(About this task)
Please return the data that follows precisely as written, but without the images.

(Information shown)
·····
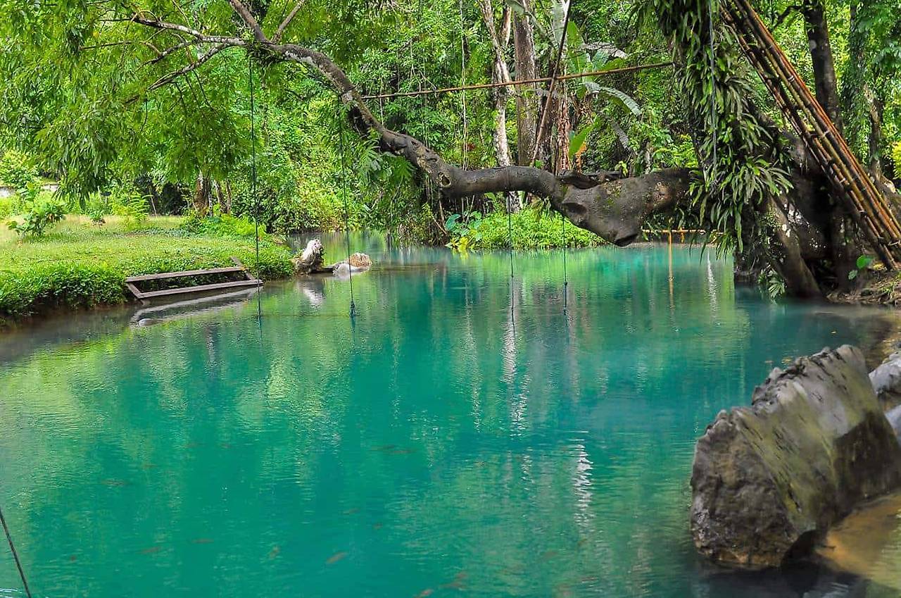 - 탐 푸 캄 동굴(Tham Phou Kham Cave) 과 블루 라군(Blue Lagoon)을 방문하세요 . 확실히 방비엥에서 가장 인기 있는 곳 중 하나입니다. 더위를 식히기 위해 말 그대로 하늘색 라군에 도달하기 위해 경이로운 시골을 걷거나 말을 타세요. 신성한 동굴에 올라가서 청동 불상을 찾으세요(횃불을 가져가는 것을 잊지 마세요)
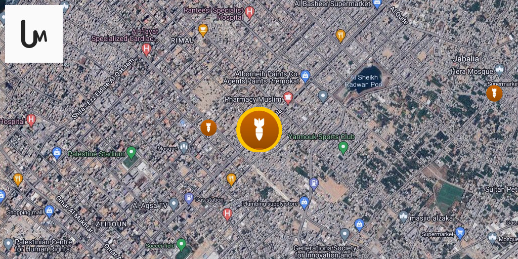 Violent Israeli shelling and airstrikes on the Shuja'iyya neighborhood, east of Gaza City.
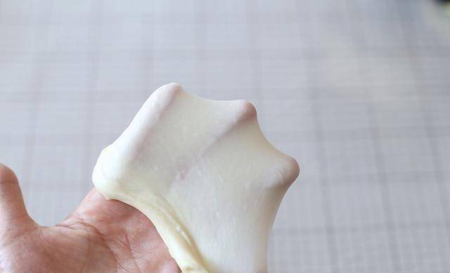 2.繼續揉面團。低檔揉好黃油後,換中檔繼續揉,直到可以拉出半透明的薄膜。在這個級別你可以做面包
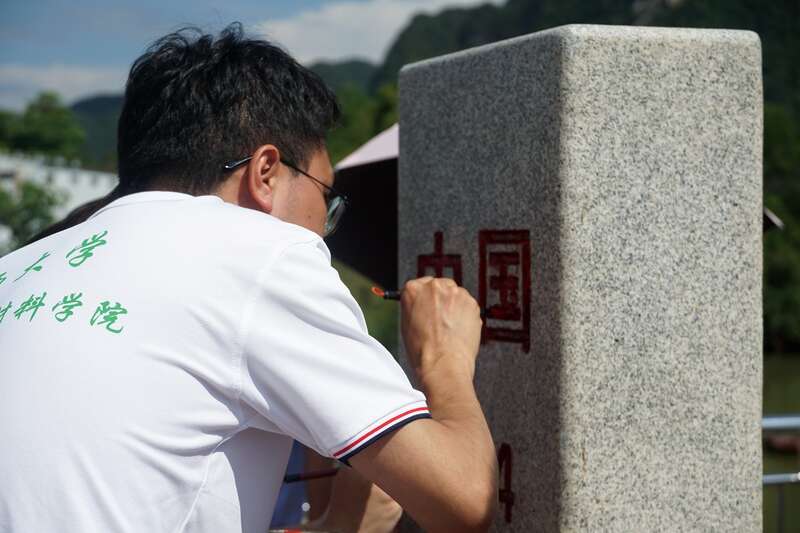 暑假期间,米乐电竞(中国)股份有限公司官网,资源环境与材料学院实践团成员来到广西龙州县,在水口口岸描红944号界碑。安奕鹏/摄
·····
(Worked solution)
 - 탐 푸 캄 동굴(Tham Phou Kham Cave) 과 블루 라군(Blue Lagoon)을 방문하세요 . 확실히 방비엥에서 가장 인기 있는 곳 중 하나입니다. 더위를 식히기 위해 말 그대로 하늘색 라군에 도달하기 위해 경이로운 시골을 걷거나 말을 타세요. 신성한 동굴에 올라가서 청동 불상을 찾으세요(횃불을 가져가는 것을 잊지 마세요)
 Violent Israeli shelling and airstrikes on the Shuja'iyya neighborhood, east of Gaza City.
 2.繼續揉面團。低檔揉好黃油後,換中檔繼續揉,直到可以拉出半透明的薄膜。在這個級別你可以做面包
 暑假期间,米乐电竞(中国)股份有限公司官网,资源环境与材料学院实践团成员来到广西龙州县,在水口口岸描红944号界碑。安奕鹏/摄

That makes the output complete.